Of course it doesn’t always work. Sometimes distance, time and other factors are too great of a gulf to span. Not every relationship is designed to survive a transition. Not all transitions are smooth and positive, and relationships can become casualties. These are the pitches that life delivers across the plate and again, we cannot let the fear of striking out prevent us from taking a swing.
And so, I find myself once again stepping up to the plate. After a dozen years in my current position circumstances have presented themselves where I have been invited to join another team. It was always going to take something very special with just the right lineup to lure me away from my current team. Low and behold those circumstances have emerged. I am over the moon excited about this next opportunity and as a veteran player I am stepping to plate with a little more confidence than the younger and less experienced version of myself once had.

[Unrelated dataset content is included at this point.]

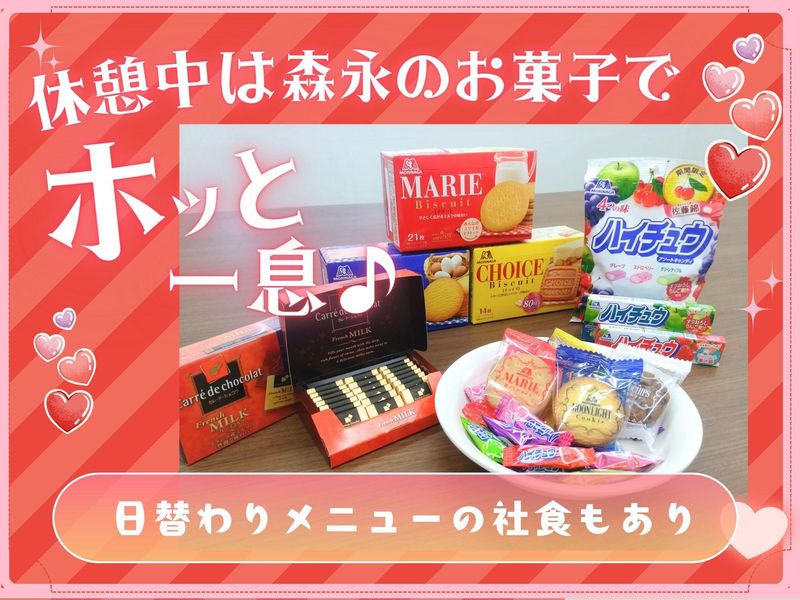 【保険制度】 雇用保険、労災保険、健康保険、厚生年金 待遇・福利厚生 【福利厚生】 〇賞与あり(年2回)  ̄ ̄ ̄ ̄ ̄ ̄ ̄ ̄ ̄ *1年未満の在籍者 ・・1万5000円(1回目) *1年未満の在籍者 ・・基本日給の10日分(2回目) *2年以上の在籍者 ・・基本日給の15日分(3回目以降) . 〇昇給あり  ̄ ̄ ̄ ̄ ̄ *年1回(規定の評価制度で決定) . 〇交通費支給  ̄ ̄ ̄ ̄ ̄ ̄ *車、バイク通勤のガソリン代を支給 ・・・1キロ以上距離がある場合) *電車、バス等の公共交通機関も支給 *無料駐車場あり . 〇社員食堂完備(当社一部負担)  ̄ ̄ ̄ ̄ ̄ ̄ ̄ ̄ ̄ ̄ ̄ ̄ ̄ ̄ *日替わりで4種類あります! ・・定食、丼ぶり、麺類、軽食 食品工場のため、 衛生上の観点により、食品などの 持ち込みを禁止としております . 〇食堂・休憩室フリーWifiあり  ̄ ̄ ̄ ̄ ̄ ̄ ̄ ̄ ̄ ̄ ̄ ̄ ̄ 〇制服貸与(クリーニング費用完全無料)  ̄ ̄ ̄ ̄ ̄ ̄ ̄ ̄ ̄ ̄ ̄ ̄ ̄ ̄ ̄ ̄ ̄ ̄ 〇正社員登用有(規定あり)  ̄ ̄ ̄ ̄ ̄ ̄ ̄ ̄ ̄ ̄ ̄ ̄ *契約社員として勤務後、 翌年から正社員になる方もいます . / 社員食堂等も完備しております! 昼食などは日替わりのメニューを 低価格で食事可能です! \ . <先輩スタッフにインタビュー!> . Q、この会社を選んだ理由は? A、高校生の時に お菓子作りにハマりました。 最初は難しくて苦手分野でしたが、 周りからアドバイスを貰い少しずつ 上達していくのが楽しかったので、 社会人になってもお菓子作りに 関わりたいと思い、入社しました。 . Q、仕事のやりがいは? A、親戚や友人など、周りの人が 美味しいと言って食べてくれるのは もちろんのこと嬉しいです。 以前立ち寄ったスーパーでは、 「こっちの製品と 森永の製品どっちにする?」 「森永が美味しいからこっち」 という親子の会話が聞こえ、 とても嬉しい気持ちになりました。 これからも美味しいと思ってもらえる 製品を作っていきたいです。 . *2013年入社 製造第一グループ(ビスケット)Aさん

I am also nervous about leaving my current team. I have invested a dozen years in this organization. I have made this community my home. My kids have graduated high school and college while we have been here. I am feverishly working in my final days to tee my successor up for a great at bat because it’s the right thing to do. I have no idea how big my shadow will loom. I would like to think that I have built up my organization and not a personal legacy. This was never about me, but I am also a pragmatic person and I have stepped into the CEO role and shadow following long serving and incredibly successful predecessors. I understand that we each leave our mark on both the community and the organizations we lead. Pride wants me to think those marks are all positive. Hubris forces me to realize that’s highly unlikely. The point is, some members of this team will welcome a set of new ideas, new plays and a fresh start. Others will push back, resist change, and want to talk about the old glory days. I just have to trust that things will sort themselves out and the game will go on.
I am excited to see which of the relationships I have spent 12 years building take their next evolutionary step and which ones don’t. And I’m excited to meet the new roster of players, to find their rhythm, to learn their plays, and teach them some new tricks of my own. The umpire is calling me to the plate, and while there will always be some fear of striking out it will never stop me from taking a swing. Play ball!